Leaving the window open, I slip into bed with Sadhana's laptop, enter my son's name, and continue going through my sister's files. Libby and Sadhana beam out at me again from the screen as I perform a search of the hard drive.
FIND: RAVI.
While the computer dredges its contents in a rapid, scrolling cycle, I dial Libby's cellphone number.

Her voice is languid, as soft as tissue falling.

“Did I disturb you?” I shake my hair out of my eyes.

“Beena. You called.” She sounds glad, even surprised.

“I said I would, didn't I?” Even as I utter the words, I'm certain I made no such promise. I rush on. “Actually, I have a question.”

“Shoot.”

“What do you know about Quebec First? Or Mouvement Québec, in French?”

“Ah.” Libby lets out her breath slowly. “The province's freshly minted fascists.”

“That bad?”

“Worse. And already popular. Goes to show what money and novelty will get you. Have you been to their website?”

“Not yet.” I look over at Sadhana's laptop, but it is still hurdling through my last request. The fan is whirring now.

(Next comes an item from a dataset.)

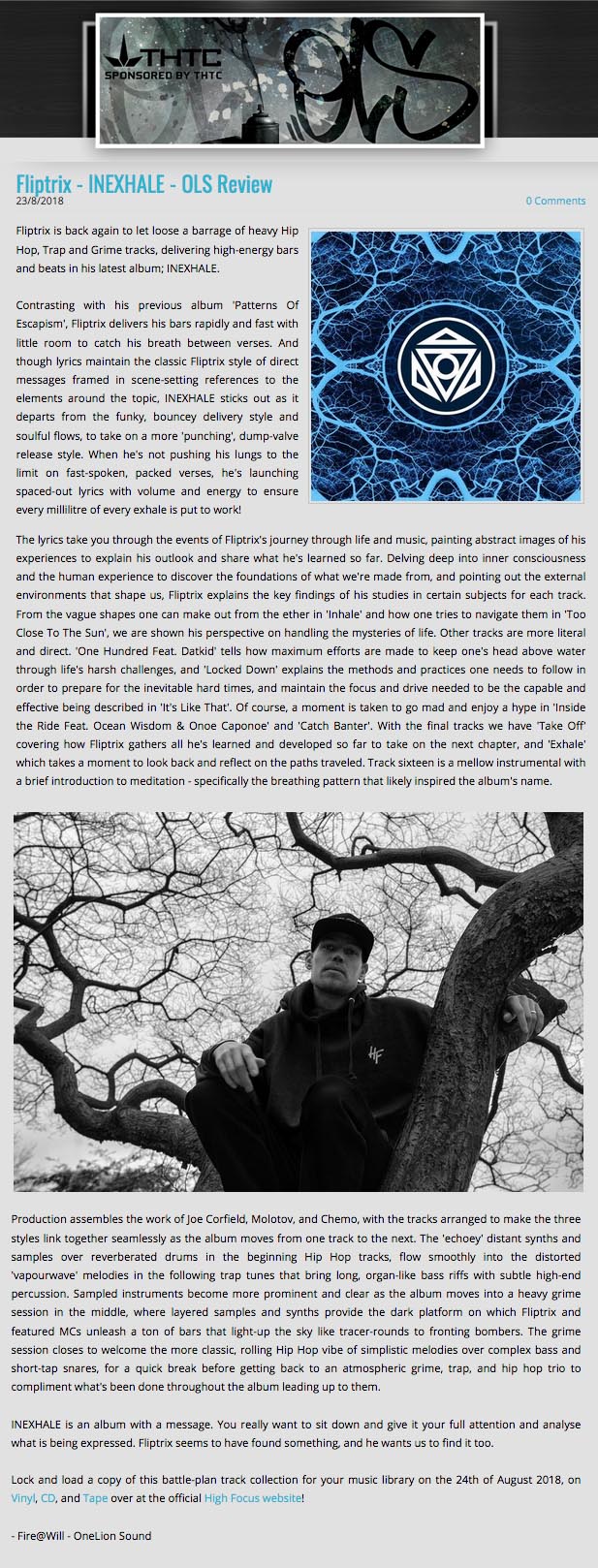 Fliptrix – ‘Inexhale’ – One Lion Sound Review High Focus2018-08-28T12:52:23+00:00August 28th, 2018|Fliptrix, Press| https://www.onelionsound.com/ols-uk-hip-hop-blog/fliptrix-inexhale-ols-review

“It's depressingly flashy,” says Libby. There is a creak as of worn springs, as if she is in bed, too. “If the party gets votes at the rates they're polling at, there's going to be a new player in town after the upcoming election. Or so I've heard.”

“So what's their angle?”

“You mean, what are they all about?” I make a small sound of assent and Libby continues. “Well, their platform is anti-immigration, or at least half of it is. They're careful, though, to have a fair number of candidates of colour, all with acceptable Quebec pedigrees and perfect French.” The volume of her voice, which has been rising over the course of her explanation, drops back down. “The other half is tax cuts for corporations and privatization of medical services.”